Session Item

Inter-fraction motion of tumors and dose-limiting OARs can be visualized using MR guidance. Whereas standard treatments deliver the same dose in each fraction, adaptive fractionation (AF) is an approach to exploit inter-fraction motion by increasing the dose on days when the distance of tumor and OAR is large and decreasing the dose on unfavorable days. We develop an algorithm for AF and evaluate the concept for former patients treated at the MR-Linac for abdominal tumors in 5 fractions.

Given daily MR scans and adaptive treatment plans, inter-fractional changes in fraction t are quantified by sparing factors δ_t, which are defined as the ratio of dose delivered to the OAR (D_1cc) and the tumor (D_95%). The key problem of AF is to decide on the dose to deliver in fraction t, given today's δ_t and the dose delivered in previous fractions, but with unknown future δs. This problem can be formulated as a Markov decision problem and solved with a dynamic programming algorithm. The algorithm assumes a normal distribution over δ with mean and variance estimated from previously observed patient-specific δs and a population based prior for the variance. Based on the distribution, the algorithm computes optimal doses that maximize the expected tumor BED₁₀ while staying below the maximum BED₃ of 90 Gy in the OAR (30 Gy in 5 fractions). To evaluate the algorithm, 10 MR-Linac patients were exported in whom tumor dose was compromised due to proximity of bowel, stomach, duodenum or heart. Moreover, 1000 synthetic patients with similar δ distribution have been sampled. AF was compared to a standard plan which delivers 6 Gy to the OAR in each fraction to reach exactly the 90 Gy BED₃ constraint.

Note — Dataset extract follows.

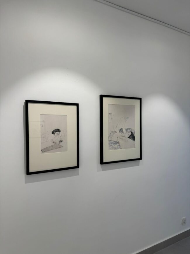 Fatima Shah confronted the body, particularly the female body, as a site of intimacy and vulnerability. In works like Blue Light Baby and Doomscrolling, she layered traditional print aesthetics with the glow of digital culture, producing images that oscillated between tenderness and critique. Shah’s exploration of “girlhood” tapped into Gen Z subcultures, yet it resisted flattening these experiences into aesthetics alone. Instead, her reframing of voyeurism through a female gaze carved out a space where the politics of looking were unsettled. Vulnerability was not weakness here; it was a form of insistence, a way of holding onto the everyday in its most unvarnished state.

In 7 of the 10 patients, AF was equal or increased the tumor BED₁₀, on average by 0.72 Gy (1.2%). Figure 1 shows the δ's and the respective doses based on AF for all patients. The biggest increase of 13.1 Gy (18.4%) was achieved for patient 2 with δ=[0.88,0.8,0.58,0.86,0.77] where AF delivered tumor doses of [4.4,8.7,17,0.9,2.1] and thereby exploited the low δ in fraction 3. Figure 2a) illustrates the optimal policy for fraction 3, i.e. optimal dose to deliver as a function of δ. For the 1000 generated patients, 84.1% of plans were equal or superior to the standard plan with a mean improvement of 1.01 Gy (1.5%) BED₁₀. A distribution of the differences is shown in Figure 2b). With the most extreme plans having a benefit of up to 12 Gy BED₁₀. 

On average, AF provided only a small increase in tumor BED. However, AF may yield substantial benefits for individual patients with large variations in the geometry.